Nothing after the line with "Bold. Sleek. Effortless." belongs in the copy; extract the lines below from the top through that line, pictures left out.

-- Material provided --
--- START ---

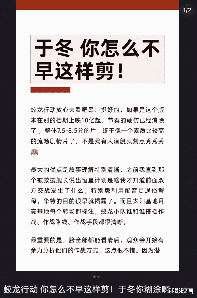 以前总听网友说“于冬这人能处”,说实话我当时还不太信。毕竟电影圈里嘴上说“尊重观众”的人多了去了,真正做到的有几个?但这次看完《蛟龙行动(特别版)》,我是真信了。
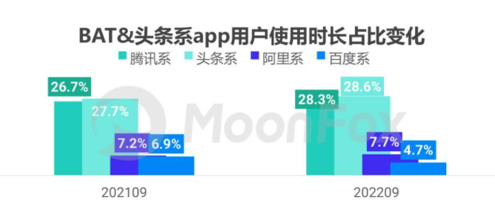 字节跳动批量化制造APP、孵化爆款的能力有目共睹,凭借今日头条、抖音、西瓜视频、皮皮虾、懂车帝、飞书等APP,头条系应用一直以来都抢占了最多的用户使用时长。根据月狐发布的行业报告,2022年三季度头条系APP用户时长在全网占比提升至28.6%,继续霸榜。应用数量方面,头条系APP相较上一年同期新增6个,新增数超过腾讯系、阿里系、百度系。
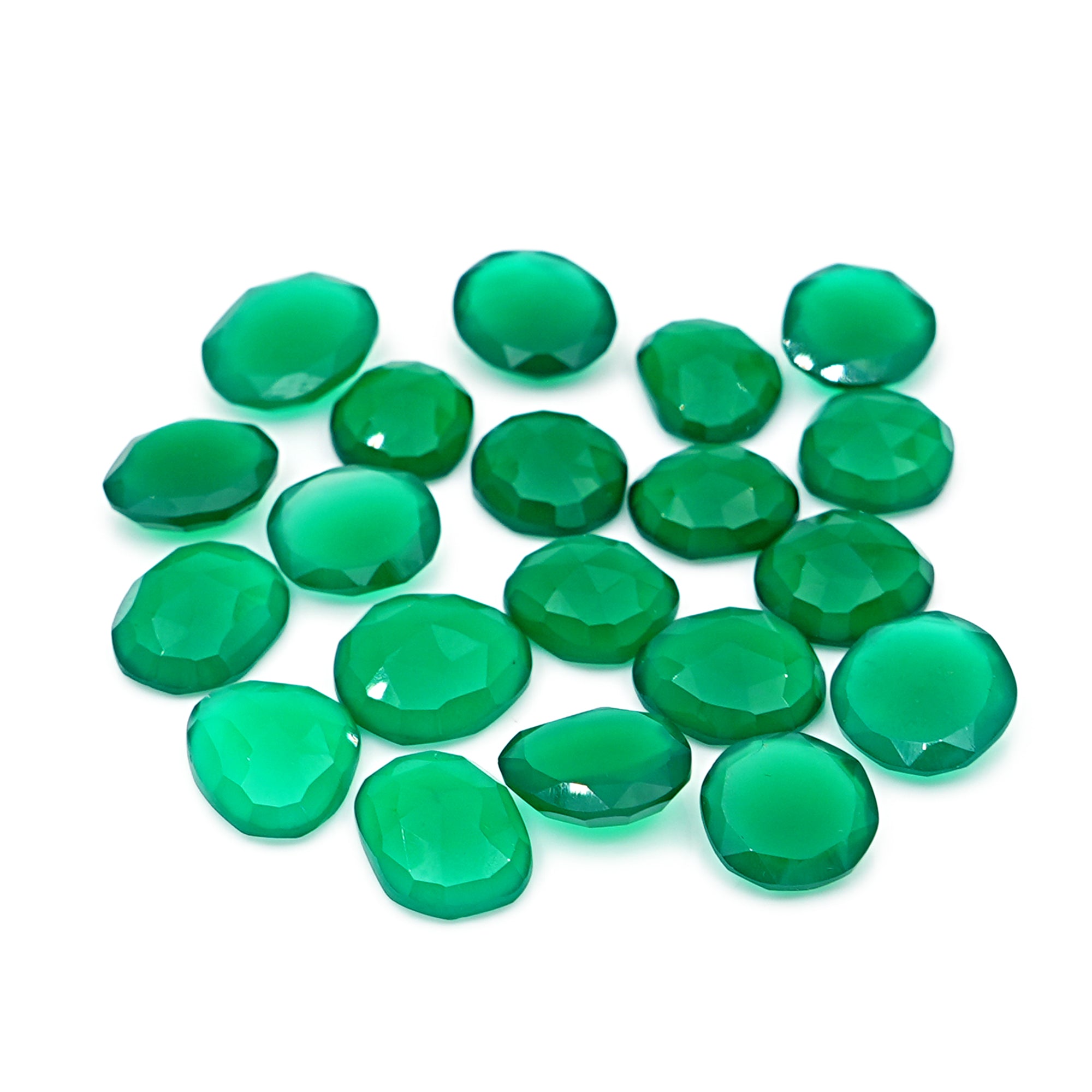 Bold. Sleek. Effortless. These Green Onyx Rose cut cabochons bring timeless sophistication to any jewelry design. Hand-cut in organic freeform shapes, each piece features a reflective rosecut top with a flat back — ideal for both bezel and claw settings.
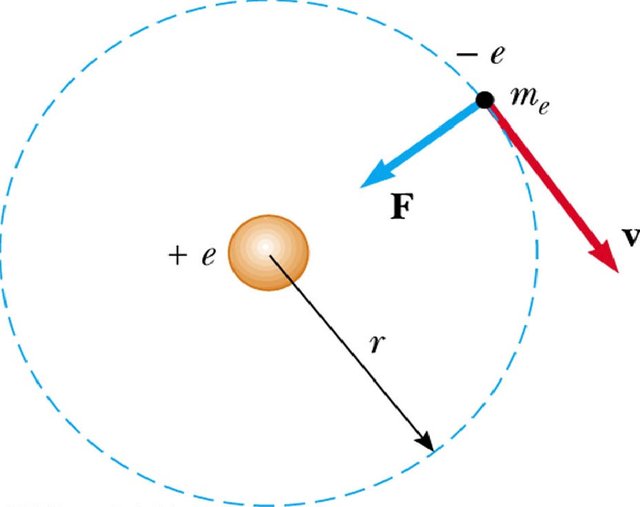 We can quite easily estimate the size of an atomic magnetic moment, and from this, we can deduce the size of the gyromagnetic ratio. As shown in the diagram below, imagine an electron (which has charge -e, and mass m_e) that is circularly orbiting the nucleus of a hydrogen atom. The current around the atom is
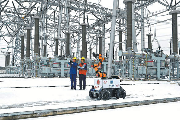 5G-съвместим интелигентен робот извършва проверка на електрическо оборудване заедно с работници по поддръжката в подстанция в Chuzhou, провинция Anhui, на 20 януари. SONG WEIXING/ЗА КИТАЙ ДАЙЛИ
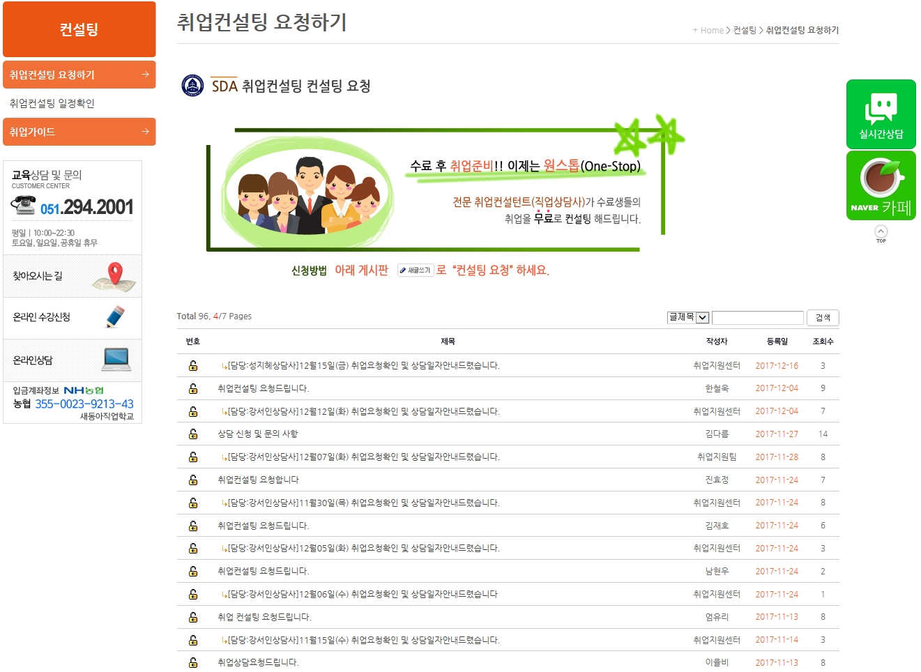 | 검토결과 | 본교는 수료생들을 위해 취업지원센터를 별도 운영하고 있으며 1:1로 취업컨설팅을 실시하고 있습니다. 홈페이지 '컨설팅'게시판을 통해서 신청해주시면 취업의 A부터 Z까지 도와드리도록 하겠습니다. |
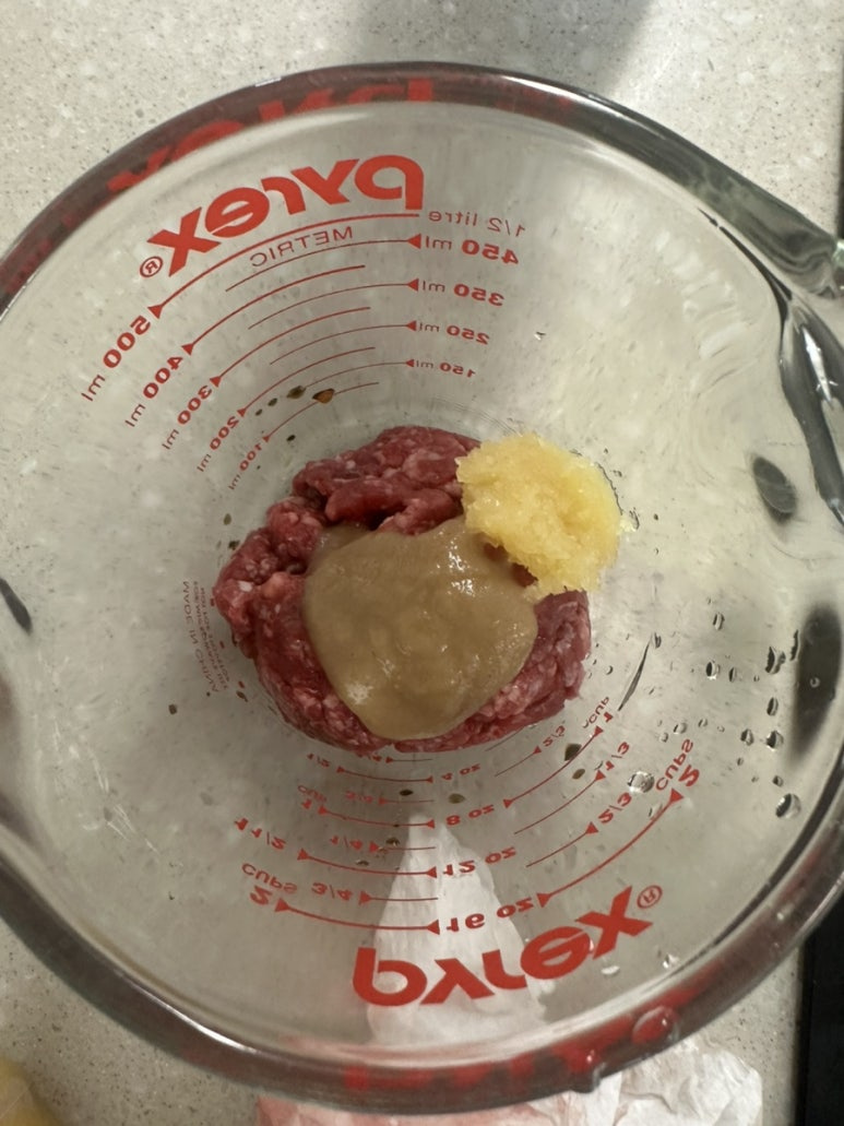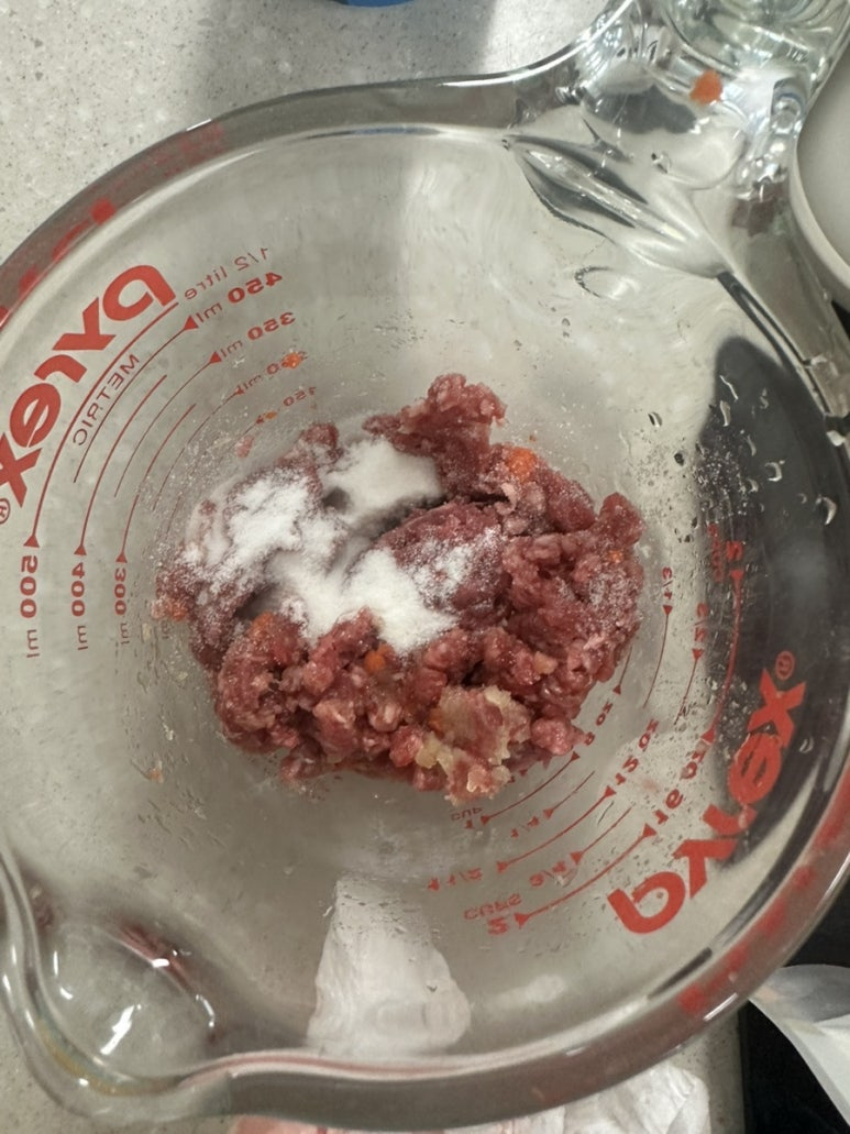 1. 큰 볼에 다진 소고기를 넣습니다.

--- END ---

-- Completed task --
 以前总听网友说“于冬这人能处”,说实话我当时还不太信。毕竟电影圈里嘴上说“尊重观众”的人多了去了,真正做到的有几个?但这次看完《蛟龙行动(特别版)》,我是真信了。
 字节跳动批量化制造APP、孵化爆款的能力有目共睹,凭借今日头条、抖音、西瓜视频、皮皮虾、懂车帝、飞书等APP,头条系应用一直以来都抢占了最多的用户使用时长。根据月狐发布的行业报告,2022年三季度头条系APP用户时长在全网占比提升至28.6%,继续霸榜。应用数量方面,头条系APP相较上一年同期新增6个,新增数超过腾讯系、阿里系、百度系。
 Bold. Sleek. Effortless. These Green Onyx Rose cut cabochons bring timeless sophistication to any jewelry design. Hand-cut in organic freeform shapes, each piece features a reflective rosecut top with a flat back — ideal for both bezel and claw settings.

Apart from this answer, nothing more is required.